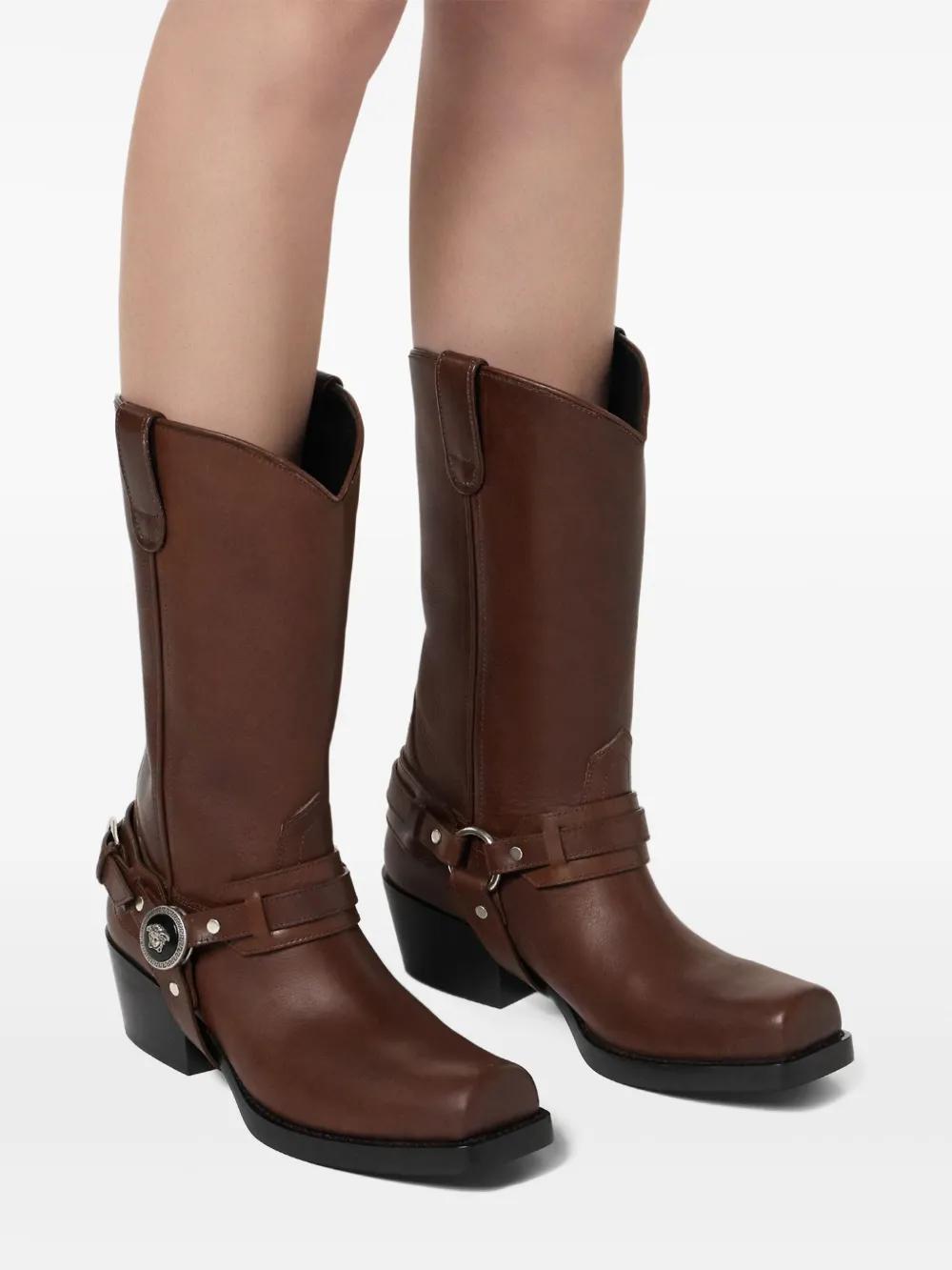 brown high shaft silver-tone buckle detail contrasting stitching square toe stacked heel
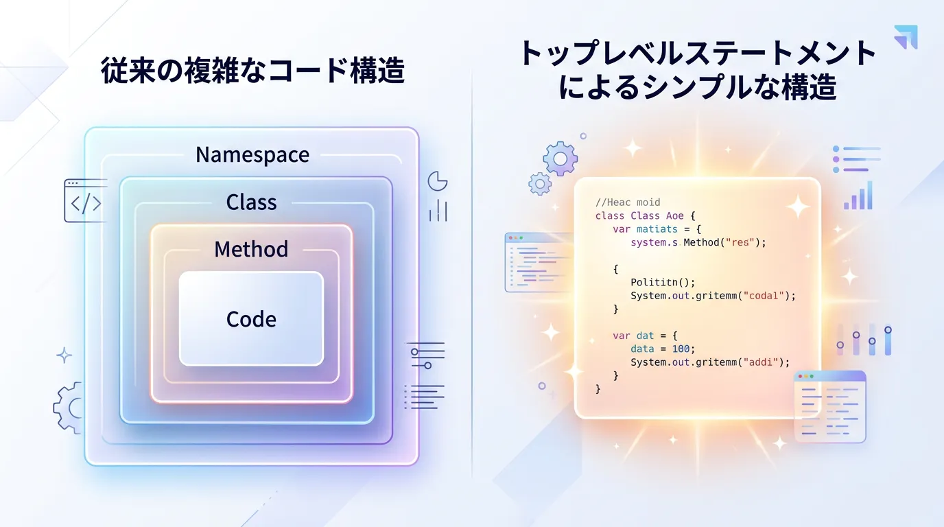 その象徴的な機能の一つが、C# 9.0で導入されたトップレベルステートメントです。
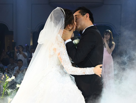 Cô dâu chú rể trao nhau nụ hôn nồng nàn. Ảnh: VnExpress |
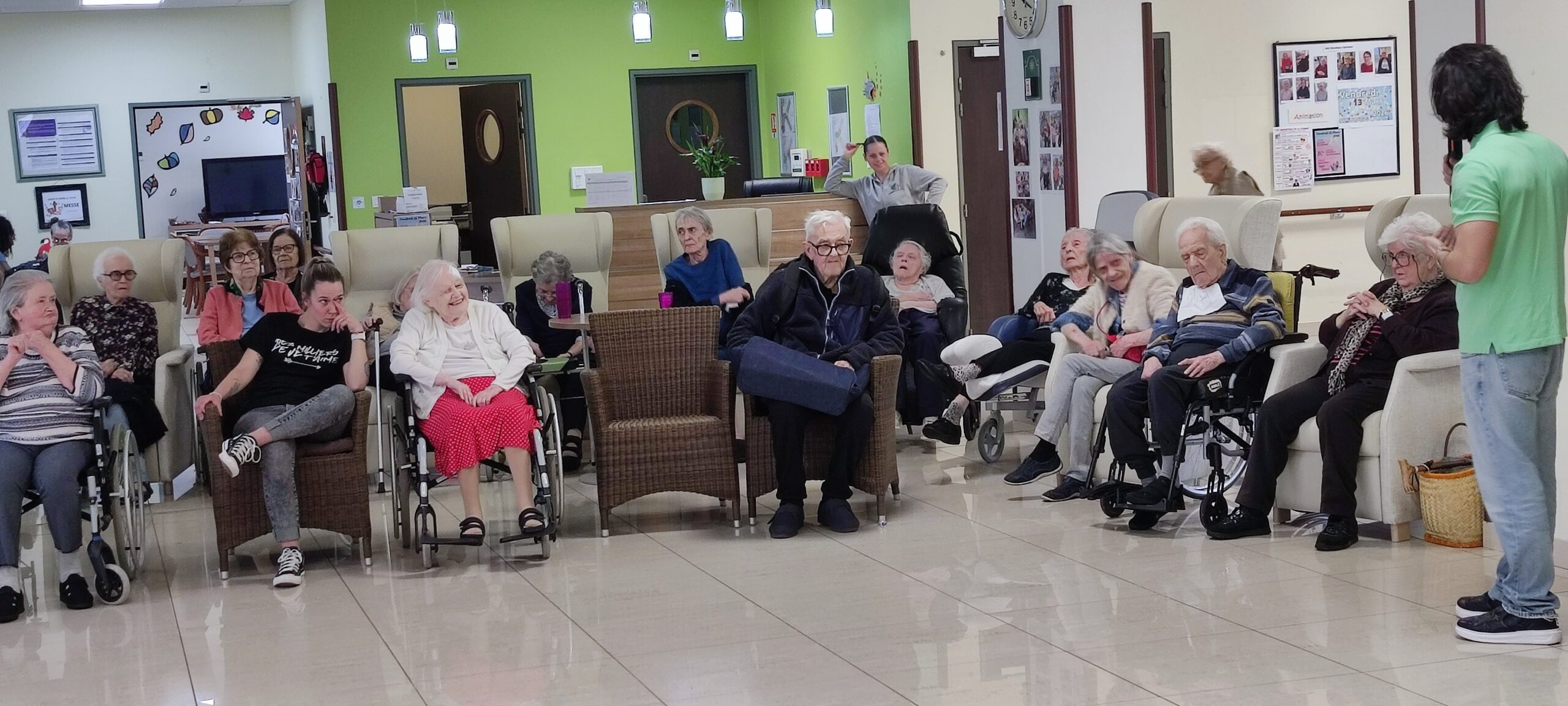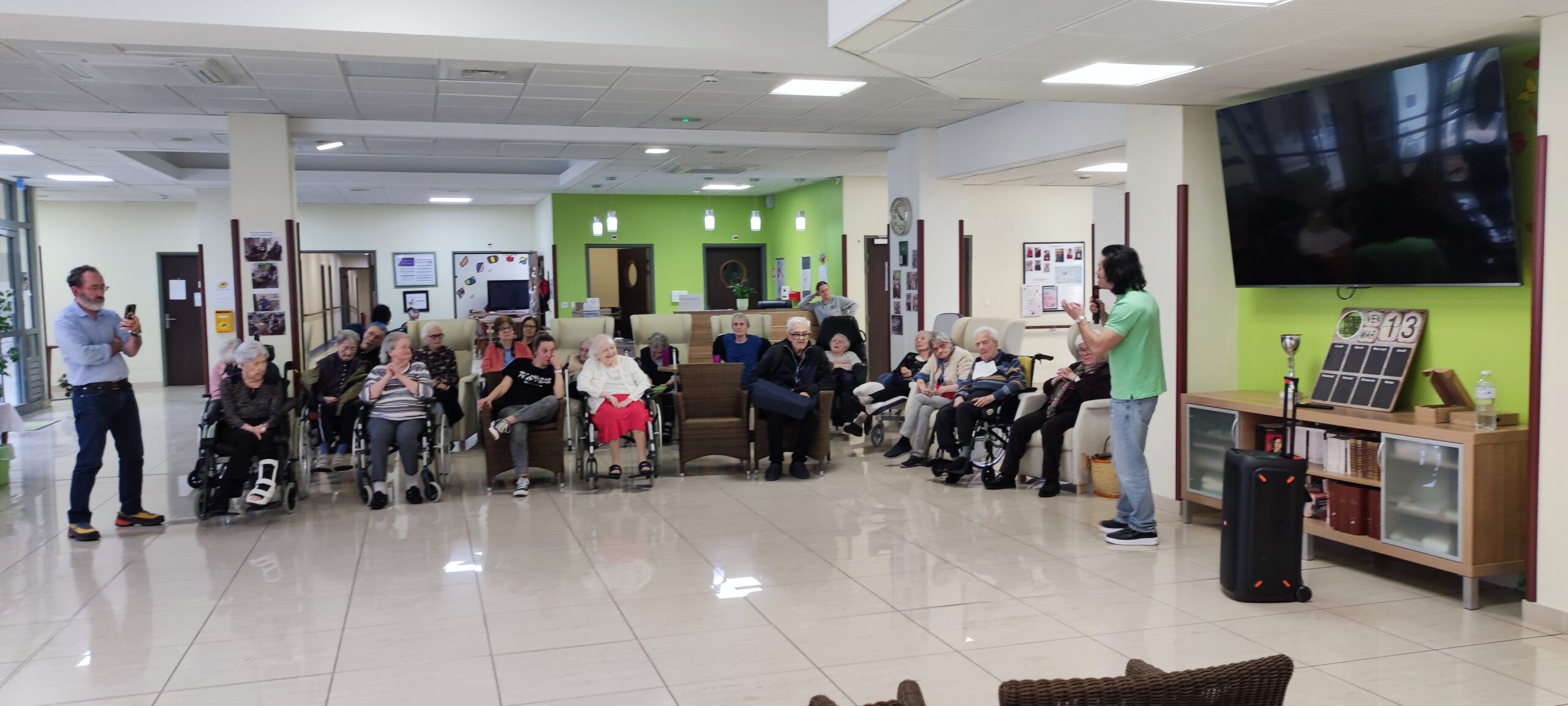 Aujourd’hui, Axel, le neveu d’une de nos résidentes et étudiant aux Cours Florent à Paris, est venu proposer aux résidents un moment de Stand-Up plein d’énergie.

__About this task__.
The answer should contain all the material above, copied exactly, and no images.

__Result of this task__.
 brown high shaft silver-tone buckle detail contrasting stitching square toe stacked heel
 その象徴的な機能の一つが、C# 9.0で導入されたトップレベルステートメントです。
 Cô dâu chú rể trao nhau nụ hôn nồng nàn. Ảnh: VnExpress |
 Aujourd’hui, Axel, le neveu d’une de nos résidentes et étudiant aux Cours Florent à Paris, est venu proposer aux résidents un moment de Stand-Up plein d’énergie.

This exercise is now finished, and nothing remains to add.